Embolic ProtectionPatented

AngioShield filter

A tethered, fully retrievable IVC filter designed for temporary protection against pulmonary embolism — for ICU, trauma, and intraprocedural use, without the risks that come with permanent filters.

Every year, millions of patients face a temporary, elevated risk of pulmonary embolism (PE) — a clot that travels to the lungs. Patients in the ICU or after major trauma, and patients undergoing deep-vein thrombosis (DVT) clearance procedures, are often at their highest risk for only a matter of days. The challenge is protecting them during that window without leaving something behind that creates new problems later.

The AngioShield filter — a coiled, strutless nitinol filter on a single wire
AngioShield — a single-component, strutless nitinol filter designed to capture clot and then come out cleanly.

The problem with permanent filters

Traditional inferior vena cava (IVC) filters are designed to stay in the body permanently, and that permanence is the source of their most serious problems. Permanent filters are associated with complications including fracture, perforation of the vessel wall, and migration. And because retrieval is a separate procedure that is easy to defer, a large share of filters intended to be temporary are simply never removed — by some estimates, up to 70% — leaving patients exposed to long-term risks such as caval occlusion.

For a patient whose PE risk is transient, a permanent implant is a poor match for the problem. AngioShield is designed around the opposite premise: protect the patient now, and leave nothing behind.

How AngioShield is designed for safety

AngioShield is a single-component, smooth, flexible filter built on a 0.035-inch nitinol wire. It has no struts — the rigid arms that, on conventional filters, can fracture or perforate the vessel wall. It is intended to remain in the body only temporarily, for a maximum of about seven days, and it is tethered to prevent migration.

Because it is a wire-based device, AngioShield is designed to be placed through a small 4F sheath — alongside thrombectomy and thrombolysis catheters, through standard angiographic or thrombolysis catheters, or through an existing central line. Its simple tethered deployment and retrieval mechanism is intended to allow safe removal at the bedside, and to reduce trauma even in the event that an ICU patient inadvertently disturbs the device.

Design at a glance
Construction
Single-component nitinol, strutless
Wire
0.035 in
Delivery
Through a 4F sheath
Dwell time
Temporary — up to ~7 days
Retrieval
Tethered, designed for bedside removal

Cross Capture design

The filtering element uses a coiled geometry that Principal Medical calls Cross Capture, intended to present a higher clot-capture surface than many conventional IVC filters. In bench testing of nitinol prototypes, the design captured clot under both venous and arterial flow conditions and remained easily retrievable — an important property for a device meant to protect the patient and then be removed.

The AngioShield filter being retrieved
Tethered retrieval — the device is designed to be removed simply, at the bedside.

ICU and intraprocedural use

AngioShield is designed for two closely related settings. In the ICU, it is intended to provide temporary PE protection for critically ill and trauma patients — including those who cannot safely receive chemical prophylaxis and for whom a permanent filter would be inappropriate.
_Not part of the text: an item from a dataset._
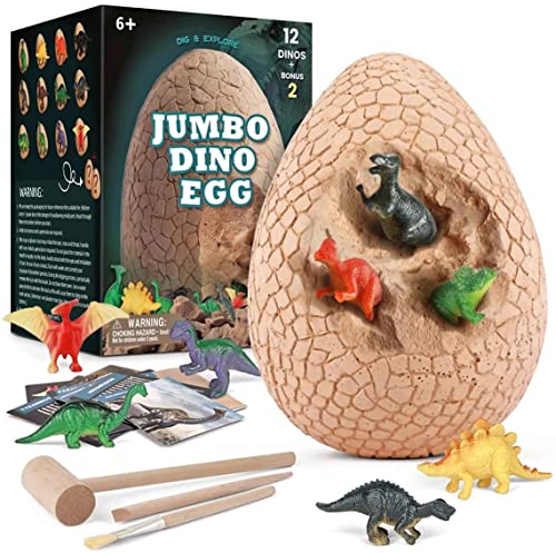 Jokooan Stort Dinosaurie ägg, Dinosaurie Utgrävningssats, Påskägg Leksak för Barn, Innehåller 14 Dinosaurier Fossil Arkeologisk Vetenskap STEM Montessori Leksaker för Barn från 6 år
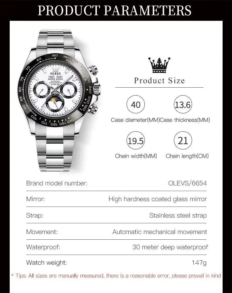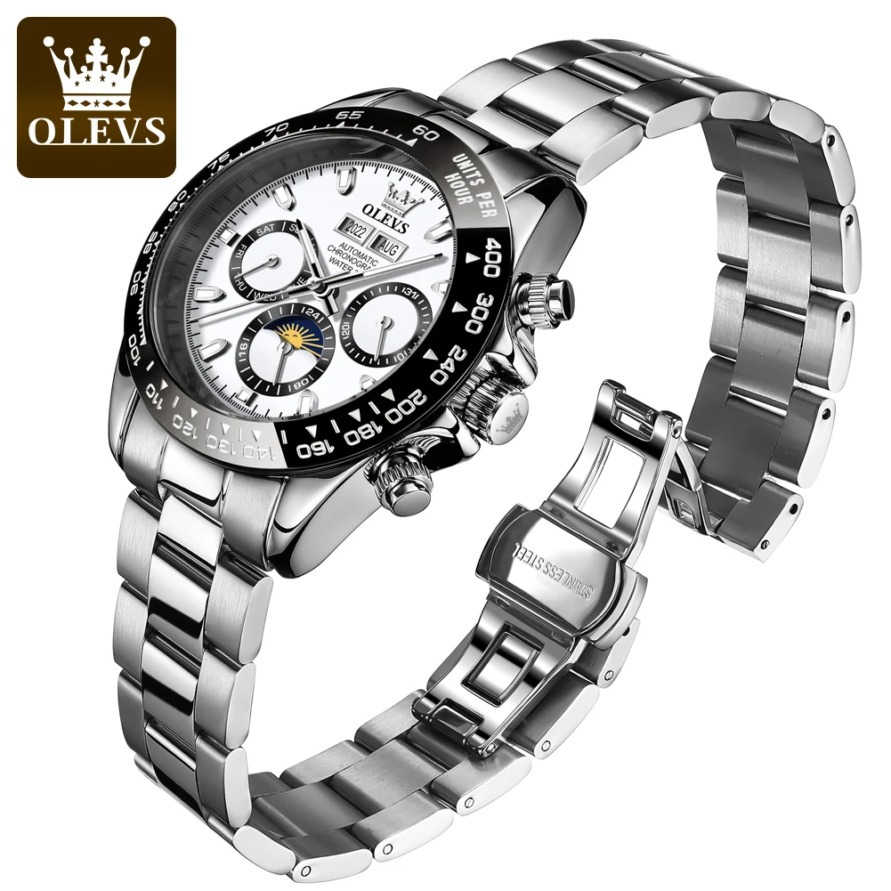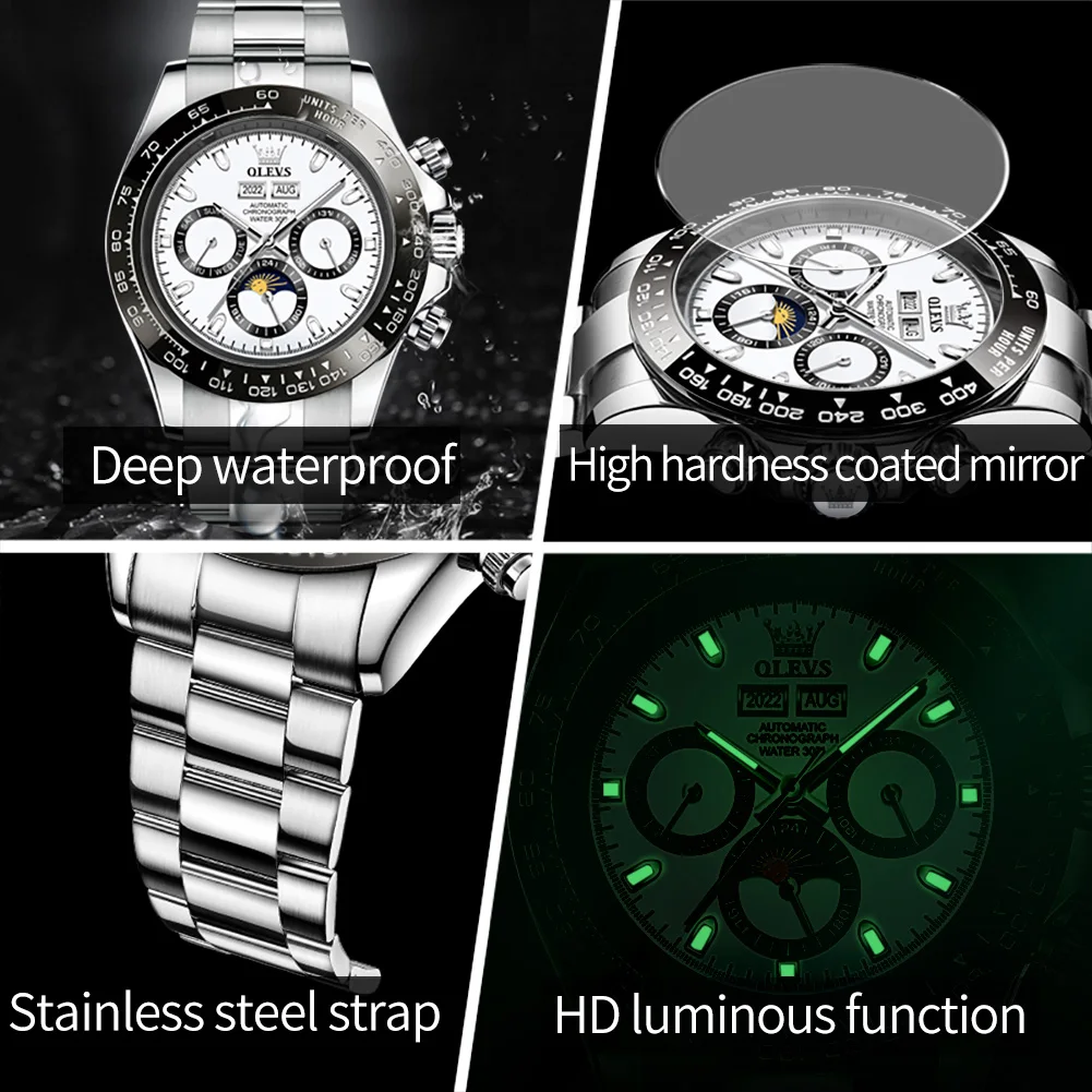 OLEVS 6654 Luxus Marke Automatische Mechanische Uhr für Männer 30 m Wasserdicht Leucht Chrono Mond Phase Kalender Original Mann uhr - TopDealBox

In an intraprocedural setting, it is intended to protect patients during DVT clearance and thrombectomy procedures, where dislodged clot poses an acute embolic risk. Because it sits on a wire, it can also serve as a working wire during a procedure and provide a route to infuse thrombolytics.

AngioShield filter in an ICU / clinical setting
Designed for the ICU — temporary protection that goes in through an existing line and comes out at the bedside.
Investigational status: Principal Medical's portfolio platforms and the products referenced here are currently in development and are not yet cleared or approved by the U.S. Food and Drug Administration.